The JDNI definition file holds all connections known to the local JNDI system. This system has no connection to the BI-Server and does not access any connections defined in the Pentaho Administration Console.

A JNDI database definition in the report designer is defined by a set of properties. Each property name has two parts: The name of the data-source (‘SampleData’ and ‘SampleDataAdmin’ in the example above) and the JDNI property name itself. Each datasource declared in the “simple-jndi” definition file requires the following properties:

  • Mandatory “type” entry set to the value “javax.sql.DataSource”
  • Driver class name
  • Connection URL
  • A username and password
  • .. and any additional property you want to pass in

The simplest way of creating a new definition entry is to copy an existing connection entry and to alter the name of the entry (the first part of the properties) and then to replace the connection information with your own details.

All JNDI connection names are case sensitive, so inside the report you have to use the same spelling for the name as in this properties-file.

And last but not least: Defining your connection information in the JNDI system does not relieve you from providing suitable database drivers. You can install new drivers by copying the jar files (and if needed any native libraries) into the “lib/jndi” directory of the Pentaho Report Designer.

Defining a JDNI connection in the Pentaho Administration Console

For the Pentaho BI-Server, the Pentaho architects chose not to use the JDNI subsystem that ships with all J2EE application servers. Sadly on the application servers JNDI has a few implementation flaws:

  • Redefining a JNDI connection requires you to redeploy or restart the application. This is a nightmare for a mission critical server.
  • Each server system comes with its own way to define JNDI definitions. Each of these ways is inherently incompatible with any other vendor.
  • You are bound to the implementations provided by the server vendor. There is little hope to customize the database access for additional capabilities like security checks or multi-tenancy.

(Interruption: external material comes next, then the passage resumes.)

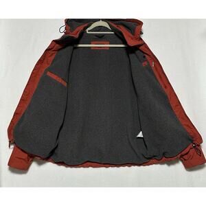 Lands End Orange Jacket Mens Windcheck Hooded Fleece Lined Large 42-44 EUC

Before you can setup a connection, you have to install the correct JDBC driver into both the BI-Server and the Pentaho Administration Console. For that copy the jar files into the following directories:

  • Pentaho BI Server: pentaho/tomcat/webapps/pentaho/WEB-INF/lib
  • Pentaho Administration Console: administration-console/jdbc

To define the connection, start the Pentaho Administration Console. The console starts up on port 8099, and can be reached via the URL “http://localhost:8099/”. The user and password are “admin” and “password” (sadly not documented anywhere in the download). The console can only be run successfully if the BI-Server is up and running as well.

To define a datasource, activate the “Administration” mode on the left hand side of the window and switch to the “DataSources” tab. Hit the small white “+” to add a connection.

The Pentaho Administration Console is smart enough to detect all installed drivers. If your driver is not listed here, you probably have forgotten to add it to the “lib” directories outlined above.

The data-source names you define here must match the datasource names defined for the Pentaho Report Designer. I also heavily recommend that you use the same type of database system for designing reports and for running them in production. SQL is a widely interpretable standard and therefore SQL written for one database is not necessarily compatible with the SQL dialect understood by the others.

Let me close with: Death to all hard-coded settings, long lives the host provided setting!